◆ **Records from a collection**:
-- Opening Marker --

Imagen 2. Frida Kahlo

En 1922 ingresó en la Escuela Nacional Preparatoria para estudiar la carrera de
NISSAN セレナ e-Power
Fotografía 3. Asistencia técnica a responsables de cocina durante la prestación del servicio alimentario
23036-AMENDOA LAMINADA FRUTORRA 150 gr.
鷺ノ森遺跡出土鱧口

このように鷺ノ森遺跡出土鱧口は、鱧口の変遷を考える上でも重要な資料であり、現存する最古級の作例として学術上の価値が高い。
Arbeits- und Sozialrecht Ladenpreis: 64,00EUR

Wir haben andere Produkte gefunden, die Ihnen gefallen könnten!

-- Closing Marker --
-- Opening Marker --

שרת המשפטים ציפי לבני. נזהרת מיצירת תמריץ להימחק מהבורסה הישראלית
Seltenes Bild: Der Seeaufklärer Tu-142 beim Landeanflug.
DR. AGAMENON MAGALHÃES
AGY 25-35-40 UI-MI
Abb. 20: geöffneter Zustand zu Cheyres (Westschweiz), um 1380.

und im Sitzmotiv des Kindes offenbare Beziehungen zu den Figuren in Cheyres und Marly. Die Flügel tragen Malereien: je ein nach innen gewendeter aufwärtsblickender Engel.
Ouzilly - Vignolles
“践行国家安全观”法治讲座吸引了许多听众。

-- Closing Marker --

◆ **What the task asks**: Each line above that contains the word "Cheyres" must be copied.

◆ **Result for this exercise**:
Abb. 20: geöffneter Zustand zu Cheyres (Westschweiz), um 1380.
und im Sitzmotiv des Kindes offenbare Beziehungen zu den Figuren in Cheyres und Marly. Die Flügel tragen Malereien: je ein nach innen gewendeter aufwärtsblickender Engel.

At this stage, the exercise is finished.